→ Work to complete: A single number is needed: how many lines of the data hold the word "were".

┌────────

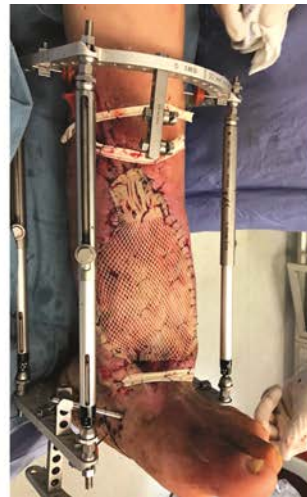
Fig. 9 Intra-operative photo utilizing a 0.018 inch partial thickness skin graft from the medial thigh. Vessel loops served as a skin buffer from retention stitches
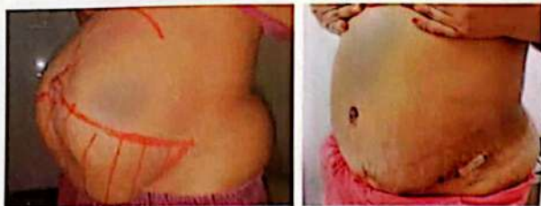
Figure 9: Before and after Lipoabdominoplasty and Ventral Hernia Repair
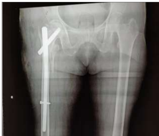
Fig 5B: Xray at 6 weeks follow up
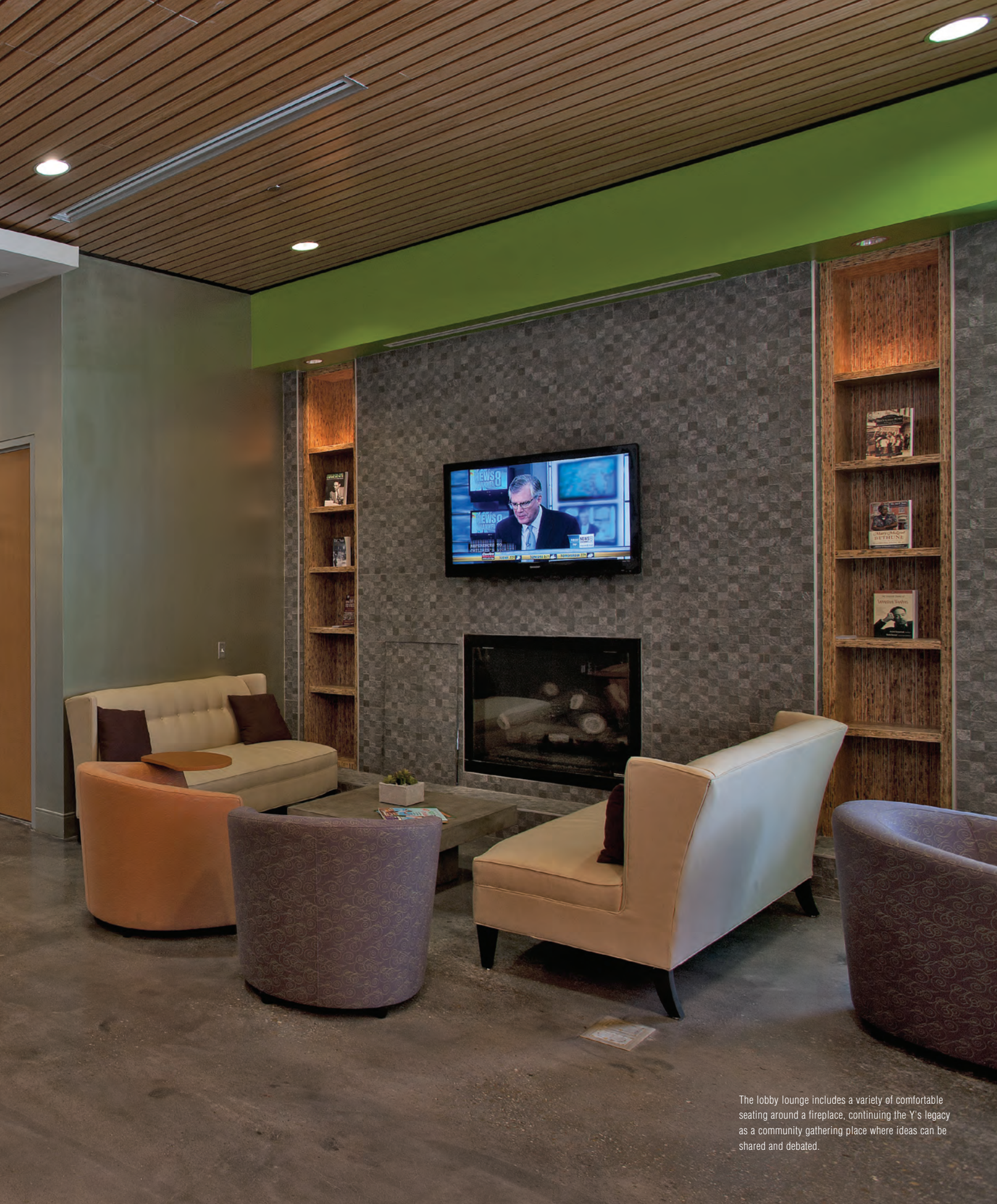
The lobby lounge includes a variety of comfortable seating around a fireplace, continuing the Y's legacy as a community gathering place where ideas can be shared and debated.
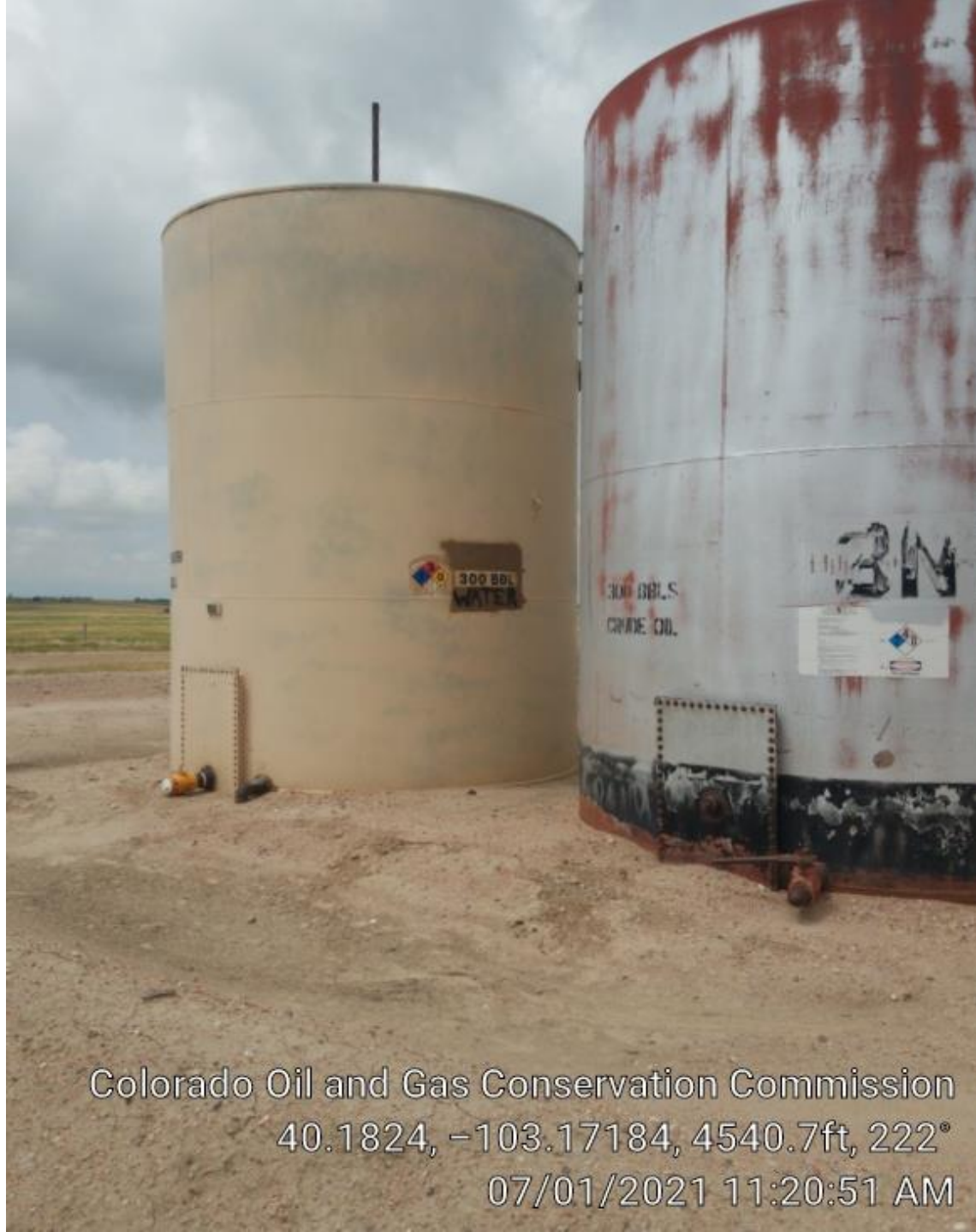
Colorado Oil and Gas Conservation Commission 40.1824, -103.17184, 4540.7ft, 222° 07/01/2021 11:20:51 AM
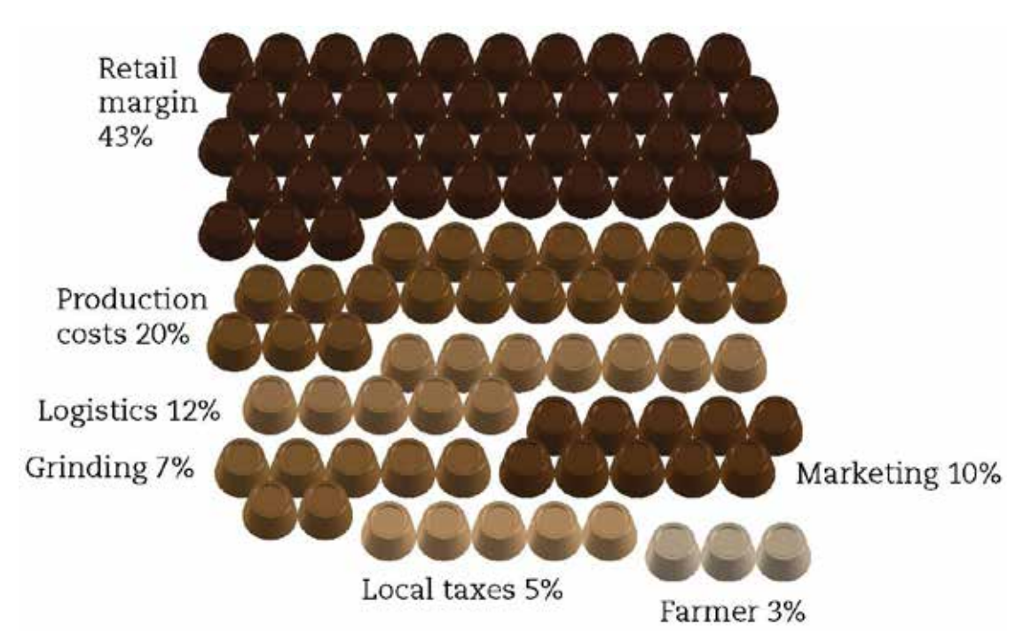
Figure 1: Percentage share of value in the chocolate supply chain

Against this troubling backdrop, what can Ghana do to reap the full benefit of this unique resource? What steps can the government take to improve farmer livelihoods, protect against price instability, build local manufacturing and create dignified jobs? This discussion paper argues that a series of bold, yet careful, interventions in the cocoa sector could achieve these outcomes, and provide a significant boost to the national economy. Key to this effort is a clear diagnosis of the impediments to growth and a creative set of solutions to tackle them. To that end, the first section of this paper describes the effect of recent reforms on the Ivoirian cocoa sector, while a second section turns to the situation in Ghana. A third and final section charts a path forward, taking into account what Ghana might learn from the experience of its neighbour.
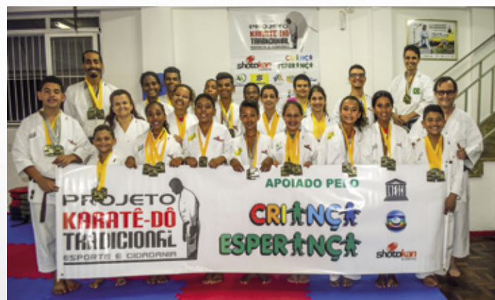
Shotokan athletes and the project with the medals won in the Brazilian champions hip held in Natal (RN) in 2016
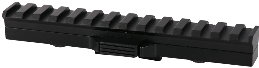
1. Locking M-lok Quick Detatch 140mm Picatinny Rail
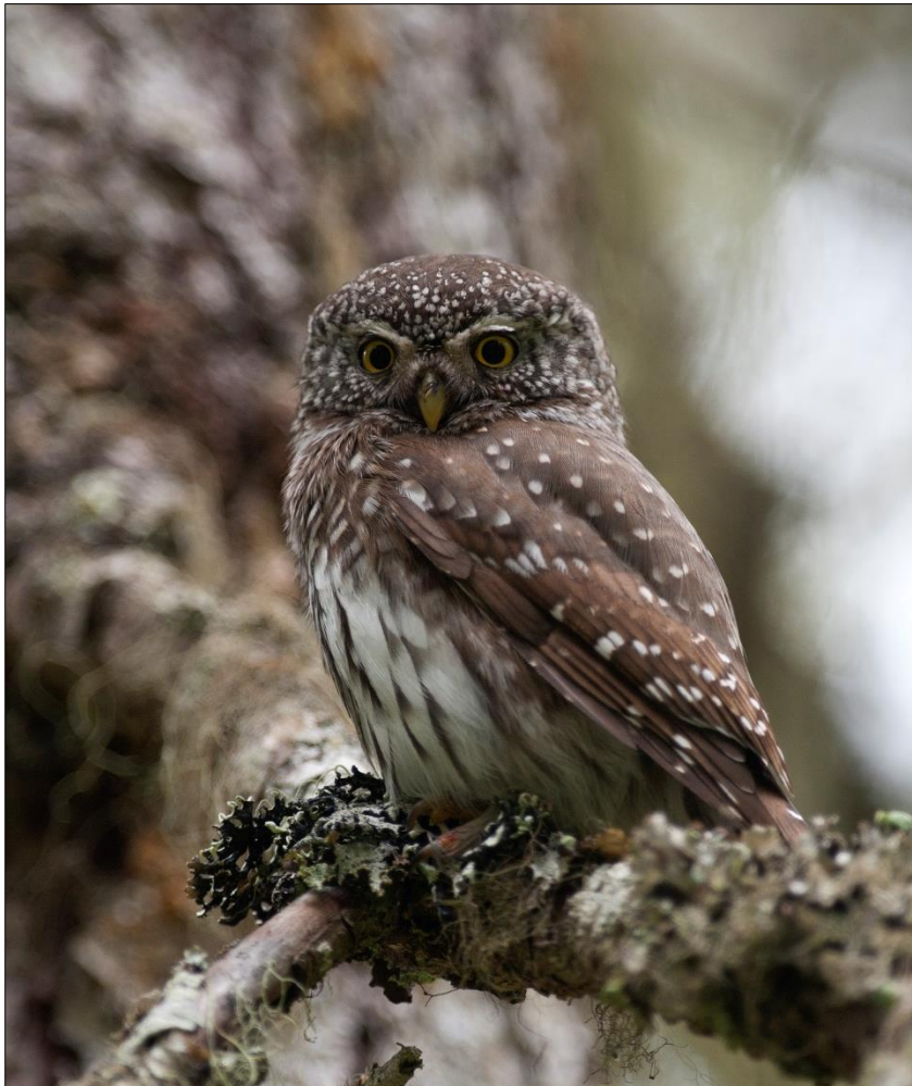
Adult male pygmy owl near nest site in Nord-Trøndelag mid-Norway. The species' hoarding habits have been investigated both in Hedmark and Trøndelag.

January-September 1993, when small mammal populations were in their low phase. Minimum convex polygon home range size ranged 0.4-6.0 km 2 , with a median of 2.3 km 2 . The habitat composition in the pygmy owls' home ranges differed from that in the study area. Mature forest ranked highest, followed by young thinning stands, edge between forest and open areas, clear-cut areas, advanced thinning stands and finally agricultural crop land where the pygmy owls were never observed (Strøm & Sonerud 2001).
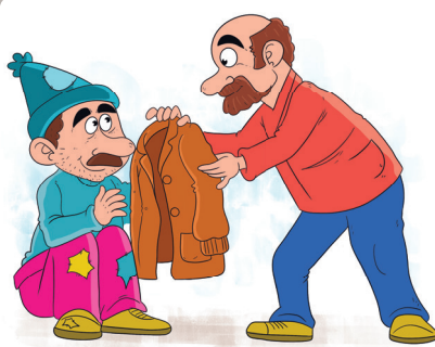
He is a generous man.
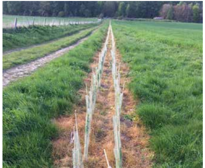
Hedge planting, Coneysthorpe
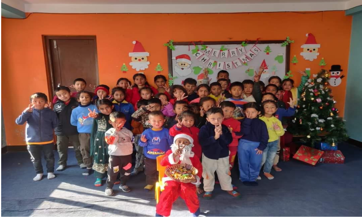
On December 25 of this year, we celebrated the great Christian festival of Christmas at the school like every. Children are attended school mostly in red outfits. All the children were happy and eager to celebrate Christmas since morning because they had been practicing
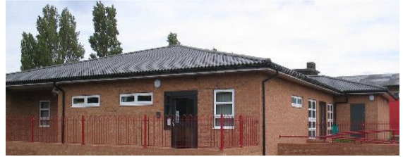
New Blackgates Primary School

That the Director of Development be asked to expedite the Heads of Terms with Mintons as quickly as possible, preferably within 30 days
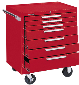
297B / 297R / 297BKW
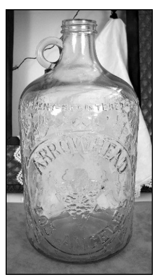
Figure 18 – Arrowhead 1-gallon (eBay)

bottles embossed with 16 rows of arrowheads along with "REGISTERED – PENALTY FOR PRIVATE USE FINE AND IMPRISONMENT" around the shoulder. The front was embossed "ARROWHEAD (arch) / {downwardly pointed arrowhead} / WATER (inverted arch)" in a round plate that stretched from heel almost to shoulder (Figure 18). The continuous-thread finish was made for a screw cap, and the neck had a finger ring. The bottle was machine made (no Owens scar), but the only basal embossing was a zero (0) on the outside edge (Figure 19).
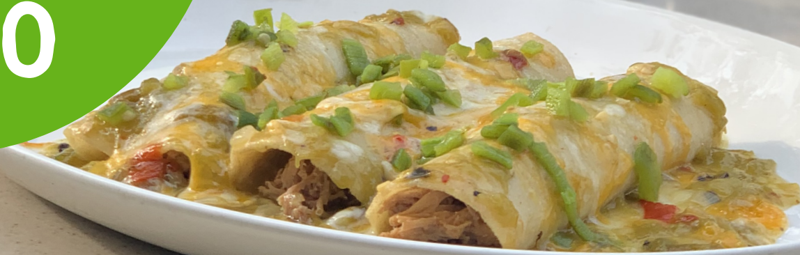
Pork Carnitas Hatch Chile Enchiladas
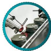
CATERING DESIGN AND ACCESSORY 餐饮设计及配套
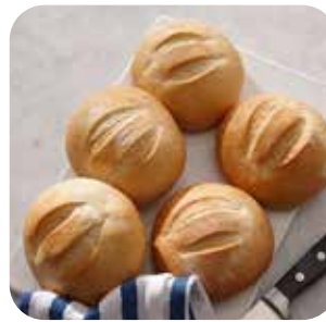
Parbaked 4" SOFT FRENCH ROUND #4537 • 88/2.9 oz • Vie De France
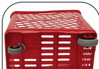
50 and 75 mm rubber wheels

└────────

→ Answer below: 2